What's wrong here? accidentally referencing an

2019-05-27 00:08发布

问题:

I'm an R user looking to get more comfortable with Python. I wrote a kind of mini-API that makes it easy to compare different statistical models fitted to the same data, in such a way that I can pre-set all the model hyperparameters and then iterate over the different models in order to fit them.

This is the essence of what I want to do:

  1. Build a wrapper class Classifier around a Scikit-learn Pipeline, in turn built on one of Scikit-learn's built-in estimators, e.g. RandomForestClassifier
  2. Create a dictionary of these un-fitted Classifiers, and a different dictionary of parameters to loop over
  3. Iterate over both dictionaries, have each un-fitted Classifier generate a new instance of the underlying Pipeline, fit it using its [Pipeline.fit][1] method, and save the new, fitted Pipeline in a different dictionary

However, it seems that, instead of generating a new instance of the Pipeline, in each iteration, the same instance of the Pipeline (or maybe the underlying estimator) is being refitted. This is a problem because the Pipeline.fit method modifies the Pipeline (and underlying estimator) in place, so the fitted results from the previous iterations are all overwritten by the fitted results from the final iteration.

The problem is that I can't figure out where this "parent instance" is being created and how it's being referenced.

The basic setup with a reproducible example of the problem is in this Gist (it's a little too long to just copy and paste here). I added a print statement at the end to illustrate the issue.

Sorry if this is a little vague, but I'm not having an easy time describing it. Hopefully the issue is clear from the example.

回答1:

The problem is that results['0']['rf'] and results['1']['rf'] are in fact the same object. Therefore, when you fit the pipeline in your loop:

results = dict()
for k in features.keys():
    results[k] = dict()
    for m in classifiers.keys():
        print(len(features[k]))
        results[k][m] = classifiers[m].fit(features[k], 'species', iris)
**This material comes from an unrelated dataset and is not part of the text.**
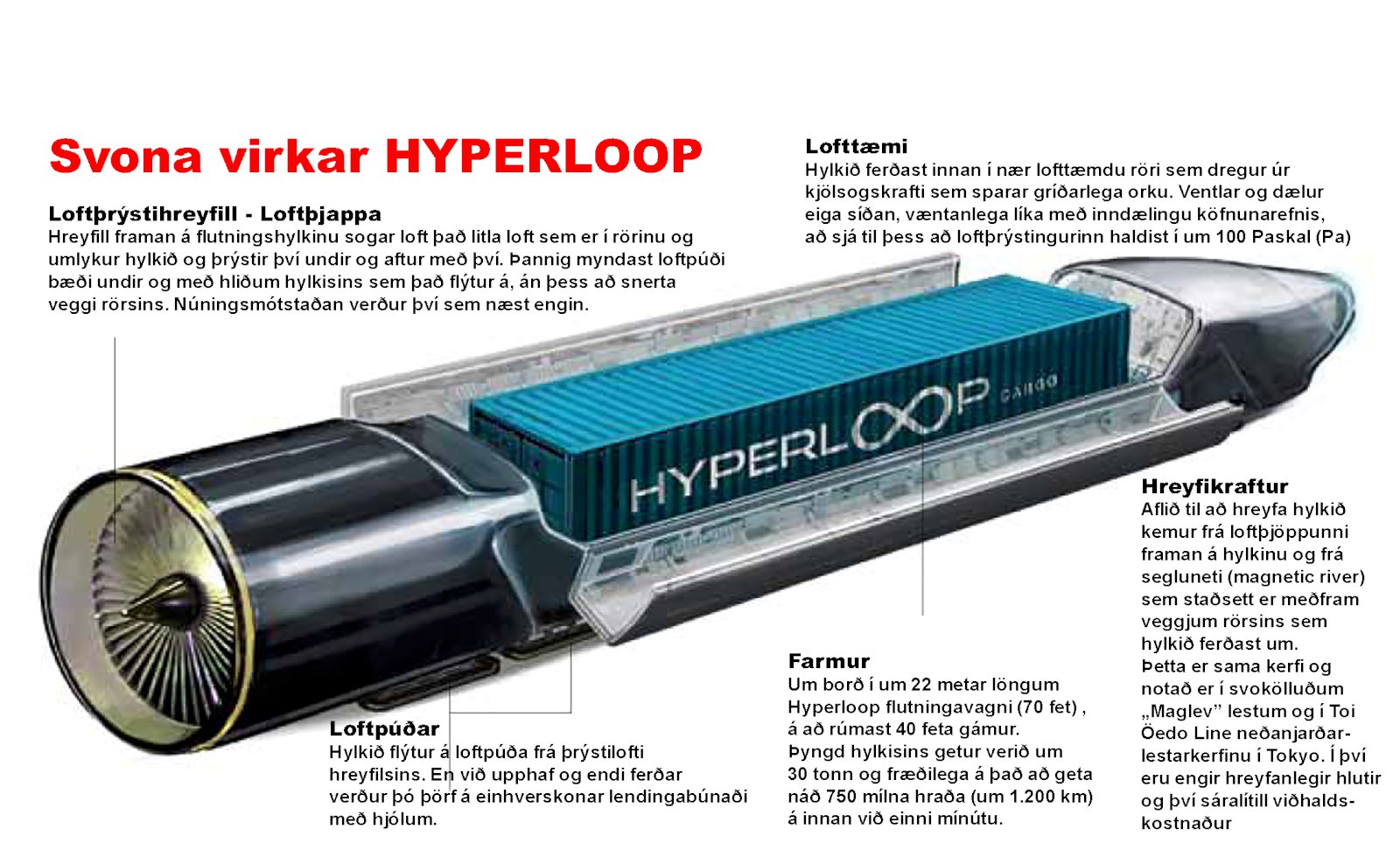 Hugmyndin byggir á því að lestarvagnar togi sig áfram í lokuðum og nær alveg lofttæmdum hólkum með rafknúnum loftþrýstihreyfli og með seglum. Er þá hluti af þrýstiorkunni nýttur í að halda lestinni fljótandi á loftpúða. Þannig rjúfa menn snertimótstöðu lestarinnar við umhverfið sem gerir það mögulegt að auka hröðun hennar gríðarlega og í raun mun hraðar en ef um venjulega þotu væri að ræða. Hugmyndin byggir að hluta til að sömu lögmálum og segul- sviflestirnar sem notaðar hafa verið í Japan.

You are re-fitting an already fit pipeline, losing your previous work.

To remedy this, you need to create a new instance of Classifier every time you fit it. One possible way to do this is to change your classifiers dictionary from one containing Classifier instances to one containing the arguments required to create a Classifier:

classifiers = {
    'rf': (RandomForestClassifier, n_estimators=100, oob_score=True, bootstrap=True),
    'ab': (AdaBoostClassifier, n_estimators=50)
}

Now, in your loop you should use a Python idiom known as "tuple unpacking" to unpack the arguments and create a separate Classifier instance for each combination

for k in features:
    results[k] = dict()
    for m in classifiers:
        print(len(features[k]))
        classifier = Classifier(*classifiers[m])
        results[k][m] = classifier.fit(features[k], 'species', iris)

Note that to iterate over the keys of a dictionary, one can simply write for key in dct:, as opposed to for key in dct.keys().